Petitioner fails to establish an entitlement to equitable tolling. First, it is not evident that he diligently pursued his rights. Petitioner waited until sometime in early 2016 to inquire about the status of his Ohio Supreme Court appeal, which, by that time, had been dismissed for about a year or more. Although the Sixth Circuit has recognized that "the realities of incarceration may justifiably delay a petitioner's request for a case status update," the court "has never granted equitable tolling to a petitioner who sat on his rights for a year and a half." Robinson v. Easterling, 424 Fed.Appx. 439, 443 (6th Cir. 2011). In this case, Petitioner provides no reasonable explanation for his delay.

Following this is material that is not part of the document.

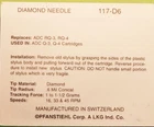 1EA. New PFANSTIEHL 117-D7 DIAMOND REPLACEMENT NEEDLE FOR ADC CARTRIDGES. REPLACES THE FOLLOWING NEEDLES: ADC RQ-3, ADC RQ-4 USED IN THE FOLLOWING CARTRIDGES: ADC Q3, ADC Q4., Used In: ADC RQ-3 cartridge , Hitachi T-44L, Hitachi T-53, Hitachi T53L, Onkyo CP1114A, Onkyo DN-66ST .7 MIL STEREO DIAMOND TIP PLAYS 33 AND 45 RPM RECORDS. 1 to 1.5 grams force Search my store for your needle, cartridge or other turntable accessories. Email me for help. Delivery confirmation in the United States is included in the shipping price. The confirmation number will be sent to the buyer when the item/items ship, usually within 24 hours. Check out my other items !

Further, Petitioner's appellate attorney's failure to provide notice to Petitioner does not amount to an extraordinary circumstance justifying equitable tolling. The Sixth Circuit has declined to allow equitable tolling where the petitioner alleges that the court or his attorney failed to notify the petitioner about the outcome of state court appeal. See Robinson, 424 Fed.Appx. 440-43 (petitioner's attorney failed to inform him of the appellate decision for more than one year after it issued); Winkfield v. Bagley, 66 Fed.Appx. 578, 583-84 (6th Cir.2003) (no equitable tolling even where a petitioner's attorney misled him into believing that his appeal was still pending before the state court because the petitioner failed to diligently monitor the progress of his appeal); Elliott v. Dewitt, 10 Fed.Appx. 311, 312-13 (6th Cir.2001) (no equitable tolling where a petitioner alleged that the state court and his attorney failed to inform him that a decision had been rendered affirming his conviction). Similarly, in this case Petitioner's claim that he was not notified by the court or counsel is insufficient to toll the statute of limitations.

In sum, because Petitioner failed to exercise his rights diligently and no extraordinary circumstance prevented Petitioner from filing, equitable tolling is not warranted in this case.

C. Miscarriage of Justice Exception

Finally, a petitioner may overcome the AEDPA time bar with a showing of a "miscarriage of justice." To satisfy this exception, a petitioner "must show that it is more likely than not that no reasonable juror would have convicted him in the light of the new evidence." Schlup v. Delo, 513 U.S. 298, 327 (1995)). In this case, Petitioner provides no new evidence that would justify tolling the limitations period under the miscarriage of justice exception.

III. Conclusion

For the foregoing reasons, it is recommended that the Respondent's motion to dismiss be GRANTED.

OBJECTIONS

Any objections to this Report and Recommendation must be filed with the Clerk of Court within fourteen (14) days after the party objecting has been served with a copy of this Report and Recommendation. 28 U.S.C. § 636(b)(1). Failure to file objections within the specified time may waive the right to appeal the District Court's order. See United States v. Walters, 638 F.2d 947 (6th Cir. 1981); Thomas v. Arn, 474 U.S. 140 (1985), reh'g denied, 474 U.S. 1111 (1986).

FootNotes


1. Based on a liberal construction the pro se Petition, Petitioner may be suggesting that an unconstitutional, state-created impediment to filing existed under § 2244(d)(1)(B), when appointed counsel failed to advise Petitioner of the outcome of his Ohio Supreme Court appeal. Other courts in the Sixth Circuit have rejected this argument on the ground that there is no constitutional right to counsel in connection with a discretionary appeal to the Ohio Supreme Court. See, e.g., Santiago v. Hurley, No. 2:05CV560, 2006 WL 3196295, at *4 (S.D. Ohio Nov. 2, 2006).